View on GitHub

ght2dm

ght2dm is a CLI tool for importing GHTorrent data into DevMine database.

Important notice: This is a specific tool for a specific need. It is not meant to be generic or used to serve any other purpose than filling DevMine database with GHTorrent dumps.

Installation

go get -u github.com/DevMine/ght2dm

Usage

IMPORTANT: Make sure to run the script db/create_tmp_table.sql before running ght2dm. The latter assumes that this table is created and empty. Make also sure to run the script db/insert_from_tmp_tables.sql after the execution of ght2dm. Note that these two scripts are only useful when importing repositories.

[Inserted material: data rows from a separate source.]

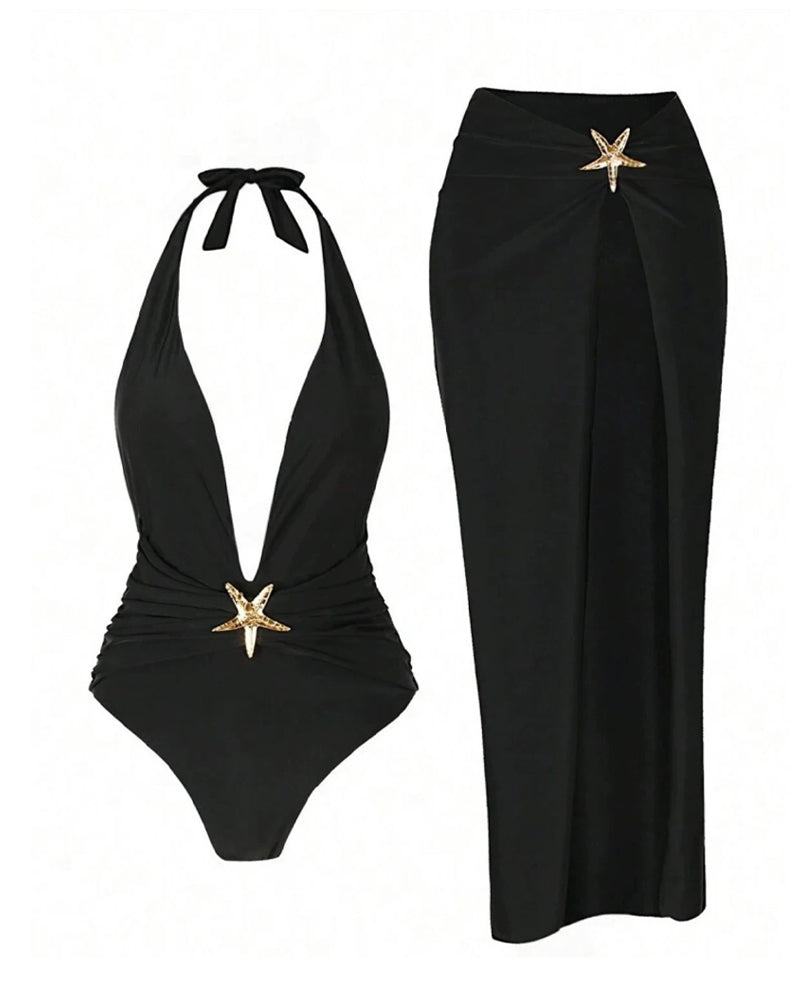 Command the shore with sleek sophistication in this two-piece swim set. Featuring a deep V halter-neck swim top and a matching high-slit skirt, this ensemble blends daring allure with versatile coverage—perfect for transitioning from swim to stylish resort wear.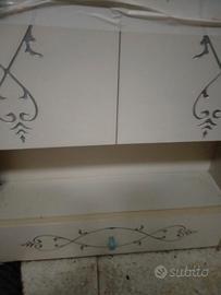 Mobiletto in legno con pomelli e decorazione in vetro. Si vende per cambio arredamento.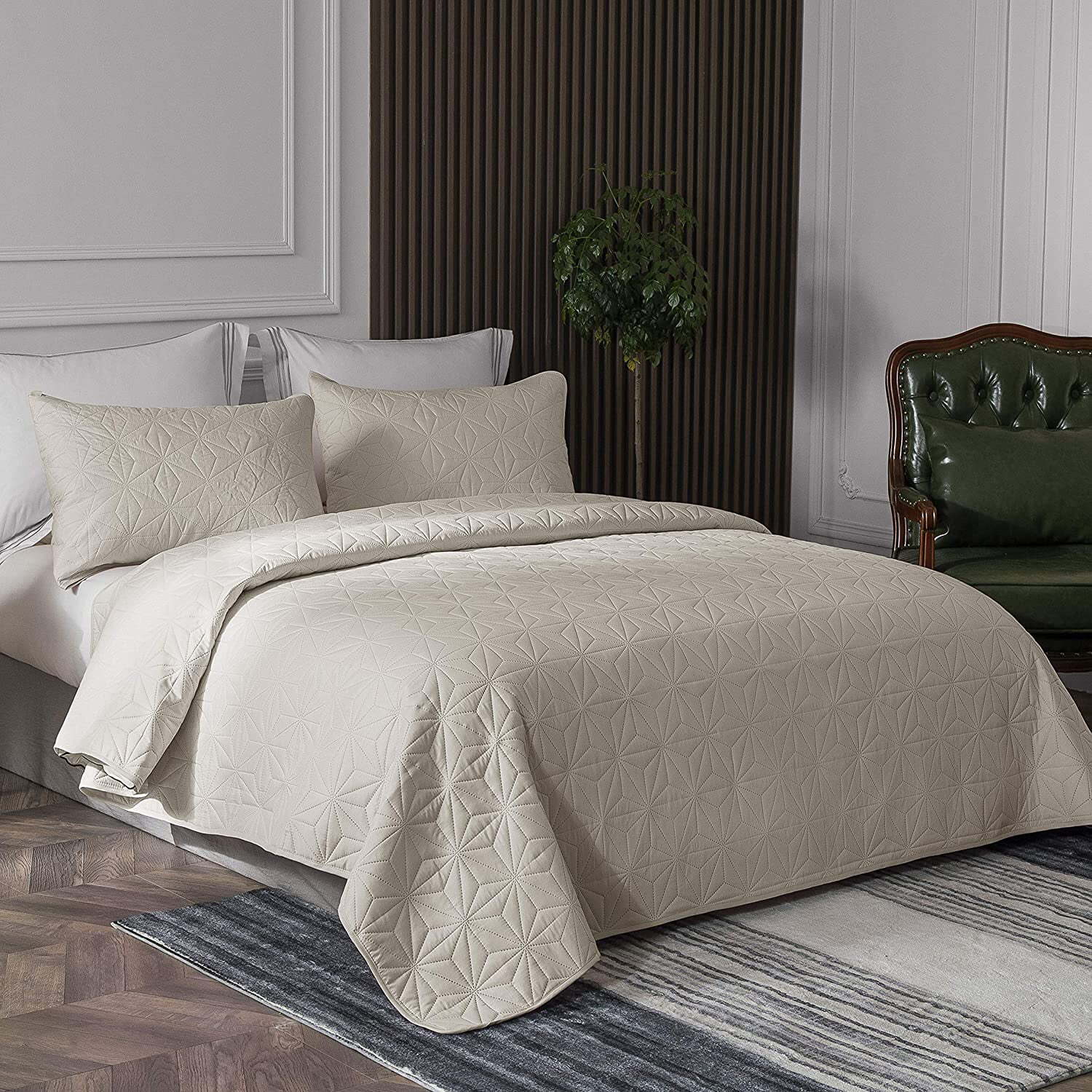 Whale Flotilla Microfiber King Size (96x104 inches) Quilt Set Lightweight Quilted Bedspreads Coverlets Set with Stars Pattern, Brich Beige, 3 Piece (1 Quilt, 2 Shams)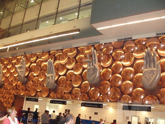 Шестичасовой перелет в Дели из Москвы закончился, мы - в аэропорту Индиры Ганди в Нью-Дели, идем мимо стены, на которой размещены скульптуры кистей рук, на них - застывшие в определенном жесте пальцы. Это мудры. Каждая выражает свой смысл: любовь к ближнему, приветствие путешествующему, пожелание здоровья.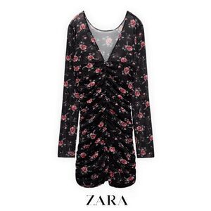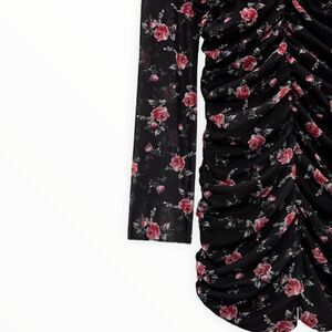 ZARA | Red & Black | FLORAL PRINT TULLE MINI DRESS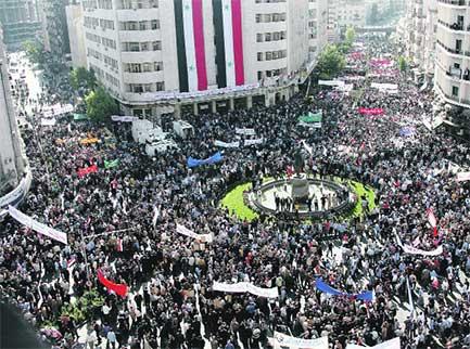 تجمع عشرات الآلاف من المتظاهرين السوريين أمس، في وسط دمشق، احتجاجاً على الغارة الأميركية على منطقة البوكمال، حيث تزامنت التظاهرة مع إغلاق واشنطن سفارتها في العاصمة السورية، وتنبيه رعاياها لاتخاذ أقصى درجات الحيطة والحذر، جاء ذلك في وقت جددت بغداد رفضها للغارة على سورية.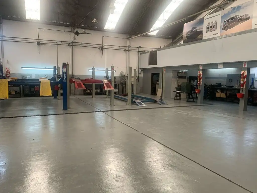 Galpón con techo parabólico, ingreso de camiones, portón automático , entrepiso y espacios de trabajo sectorizados.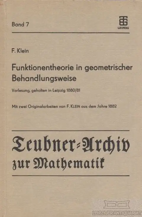 Schlagworte: Klein, Funktionentheorie, Naturwissenschaften & Mathematik, Mathematik, Naturwissenschaften allgemein, Verlagsreihen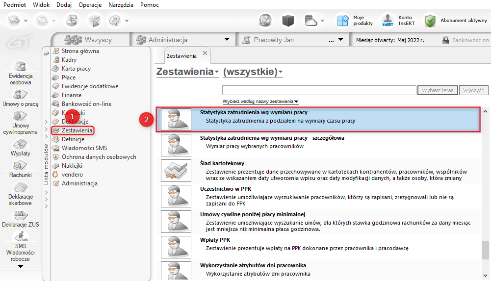 1. Przejść do modułu Zestawienia i wybrać z listy Statystyka zatrudnienia wg wymiaru pracy.
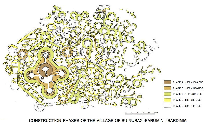 Sardinian prehistoric civilization, main type of megalithic edifce developed during the Nuragic Age between 1900 B.C.E. and 730 B.C.E. Sardinia, an island in the Mediterranean Sea, west of Italy, contains many ruins of these villages of round thatch roof houses clustering around a walled tower. The Nuragic village illustrated here is located in Barumini, Sardinia.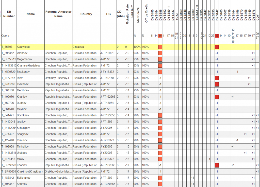 Выявленная у Хашукоева линия относится к одной из основных Вайнахских линий.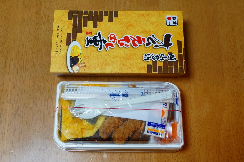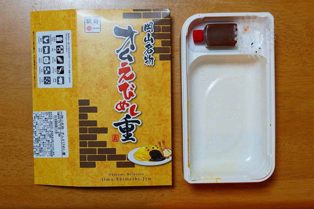 2020(令和2)年9月までに発売か。駅弁の名前のとおり、岡山のえびめしにオムレツを載せたもの。デミグラスソースで黒く染まるエビの混ぜ御飯に、パプリカやズッキーニなどを混ぜたオムレツを載せ、エビフライ2本も載せ、ニンジン炒めとソースを添える。岡山駅の駅弁で手を変え品を変え何度か食べた気がする、期待どおりの味。1年間ほどの販売か。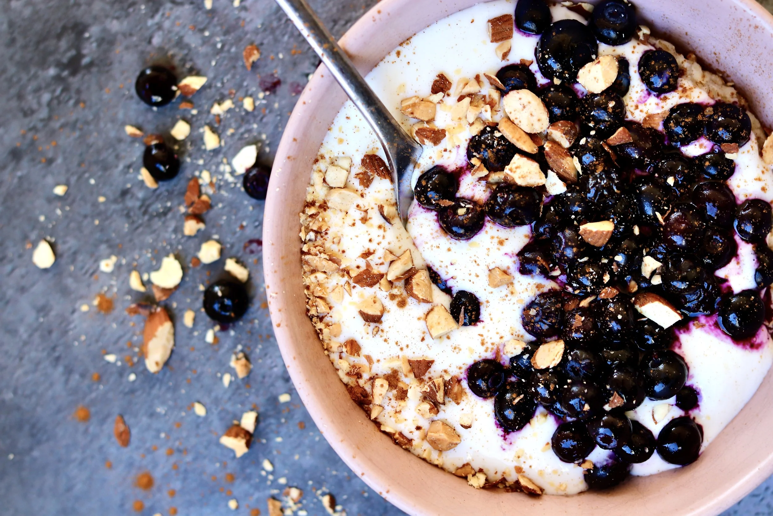 4. Top with blueberries and a sprinkle of almonds ( I love roasted almonds for extra crunch).

ght2dm usage is pretty simple: it only requires to pass a configuration file as argument:

ght2dm ght2dm.conf

Here is a configuration file example:

{
    "ghtorrent_folders": [
        "/path/to/bson/users",
        "/path/to/bson/org_members",
        "/path/to/bson/repos",
        "/path/to/bson/repo_collaborators"
    ],
    "devmine_database": {
        "host": "localhost",
        "port": 5432,
        "user": "postgres",
        "password": "postgres",
        "database": "devmine",
        "ssl_mode": "disable"
    }
}

The bson files must be organized as follow:

.
├── org_members
│   └── 2012-09-29.bson
├── repo_collaborators
│   └── 2012-09-29.bson
├── repos
│   └── 2012-09-29.bson
└── users
    └── 2012-09-29.bson

Where each folder must have the name of the corresponding GHTorrent entity. The currently supported entities are:

Each bson dump must be named according to its creation date and using the format yyyy-mm-dd. Files that does not respect this convention are skipped.